Description of the task = Reproduce the entries in full. Exclude all images from the copy.

Data records =
------------------------

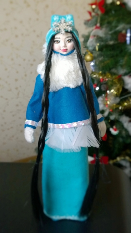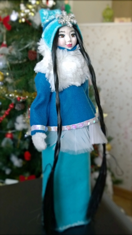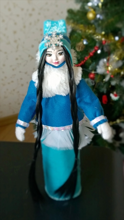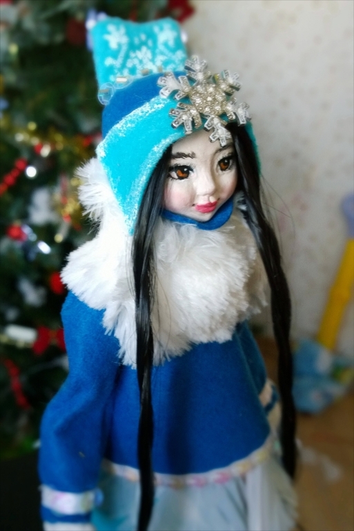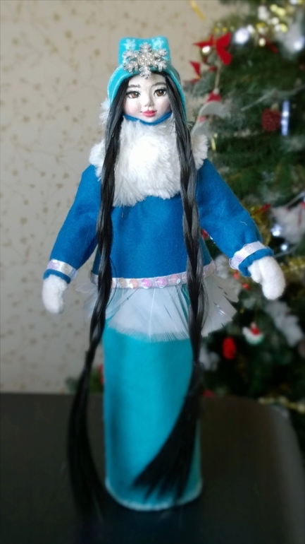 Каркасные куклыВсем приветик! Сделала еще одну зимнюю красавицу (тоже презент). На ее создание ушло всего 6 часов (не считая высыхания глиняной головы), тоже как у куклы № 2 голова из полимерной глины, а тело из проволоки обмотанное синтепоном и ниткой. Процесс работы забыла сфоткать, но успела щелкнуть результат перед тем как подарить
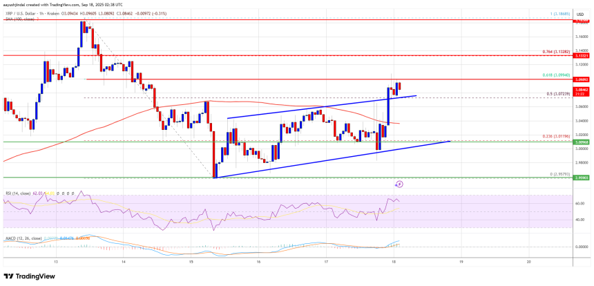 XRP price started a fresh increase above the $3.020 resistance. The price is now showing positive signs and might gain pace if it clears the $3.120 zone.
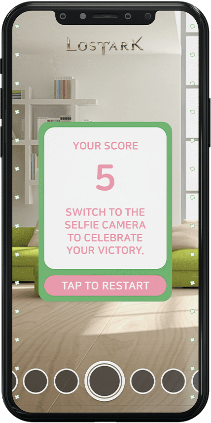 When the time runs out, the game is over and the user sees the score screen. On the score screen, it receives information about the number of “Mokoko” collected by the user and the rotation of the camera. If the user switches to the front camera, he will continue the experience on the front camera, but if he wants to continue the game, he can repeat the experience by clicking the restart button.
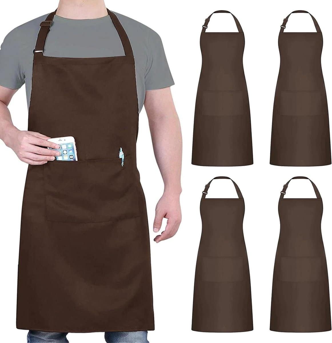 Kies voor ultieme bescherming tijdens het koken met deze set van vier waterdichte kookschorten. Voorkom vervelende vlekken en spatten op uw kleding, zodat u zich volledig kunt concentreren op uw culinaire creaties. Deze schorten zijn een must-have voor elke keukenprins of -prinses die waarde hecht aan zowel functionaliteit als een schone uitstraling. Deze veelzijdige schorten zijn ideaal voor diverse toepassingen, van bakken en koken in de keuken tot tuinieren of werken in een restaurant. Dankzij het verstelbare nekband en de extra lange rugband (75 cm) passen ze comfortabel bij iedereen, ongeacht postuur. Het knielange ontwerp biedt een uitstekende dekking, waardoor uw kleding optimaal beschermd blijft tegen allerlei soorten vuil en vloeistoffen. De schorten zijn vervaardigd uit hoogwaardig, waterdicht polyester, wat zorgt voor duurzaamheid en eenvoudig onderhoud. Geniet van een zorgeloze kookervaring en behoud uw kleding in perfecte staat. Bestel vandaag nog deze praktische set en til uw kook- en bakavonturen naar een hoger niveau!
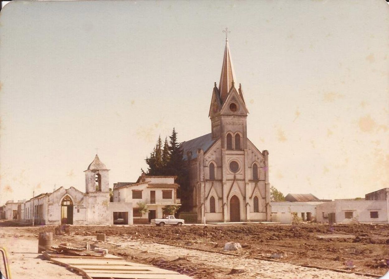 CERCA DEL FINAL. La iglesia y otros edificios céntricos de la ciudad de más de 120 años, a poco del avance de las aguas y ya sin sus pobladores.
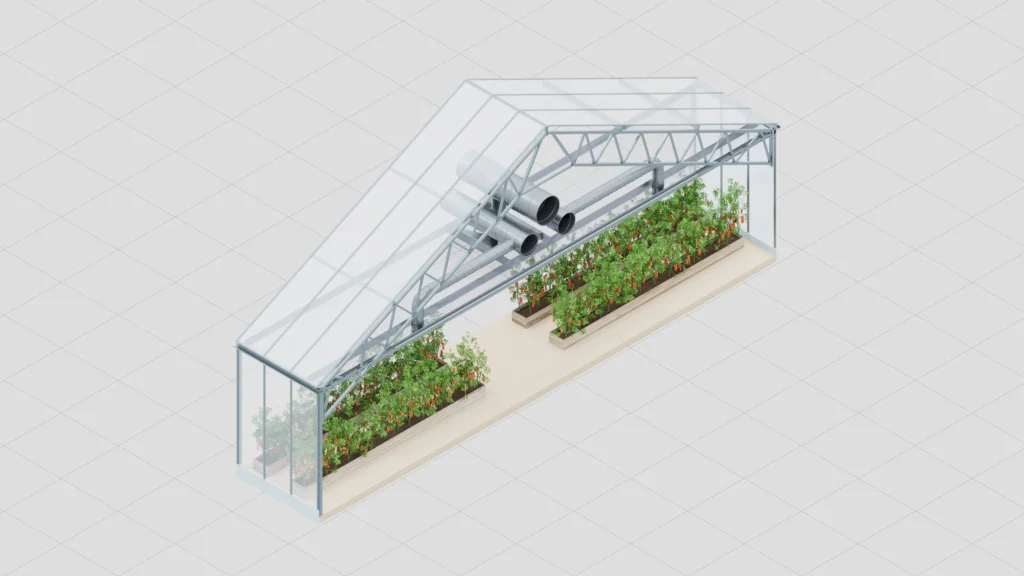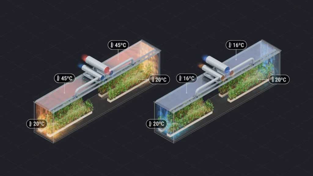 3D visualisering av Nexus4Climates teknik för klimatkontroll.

------------------------

Response to this exercise =
 Каркасные куклыВсем приветик! Сделала еще одну зимнюю красавицу (тоже презент). На ее создание ушло всего 6 часов (не считая высыхания глиняной головы), тоже как у куклы № 2 голова из полимерной глины, а тело из проволоки обмотанное синтепоном и ниткой. Процесс работы забыла сфоткать, но успела щелкнуть результат перед тем как подарить
 XRP price started a fresh increase above the $3.020 resistance. The price is now showing positive signs and might gain pace if it clears the $3.120 zone.
 When the time runs out, the game is over and the user sees the score screen. On the score screen, it receives information about the number of “Mokoko” collected by the user and the rotation of the camera. If the user switches to the front camera, he will continue the experience on the front camera, but if he wants to continue the game, he can repeat the experience by clicking the restart button.
 Kies voor ultieme bescherming tijdens het koken met deze set van vier waterdichte kookschorten. Voorkom vervelende vlekken en spatten op uw kleding, zodat u zich volledig kunt concentreren op uw culinaire creaties. Deze schorten zijn een must-have voor elke keukenprins of -prinses die waarde hecht aan zowel functionaliteit als een schone uitstraling. Deze veelzijdige schorten zijn ideaal voor diverse toepassingen, van bakken en koken in de keuken tot tuinieren of werken in een restaurant. Dankzij het verstelbare nekband en de extra lange rugband (75 cm) passen ze comfortabel bij iedereen, ongeacht postuur. Het knielange ontwerp biedt een uitstekende dekking, waardoor uw kleding optimaal beschermd blijft tegen allerlei soorten vuil en vloeistoffen. De schorten zijn vervaardigd uit hoogwaardig, waterdicht polyester, wat zorgt voor duurzaamheid en eenvoudig onderhoud. Geniet van een zorgeloze kookervaring en behoud uw kleding in perfecte staat. Bestel vandaag nog deze praktische set en til uw kook- en bakavonturen naar een hoger niveau!
 CERCA DEL FINAL. La iglesia y otros edificios céntricos de la ciudad de más de 120 años, a poco del avance de las aguas y ya sin sus pobladores.
 3D visualisering av Nexus4Climates teknik för klimatkontroll.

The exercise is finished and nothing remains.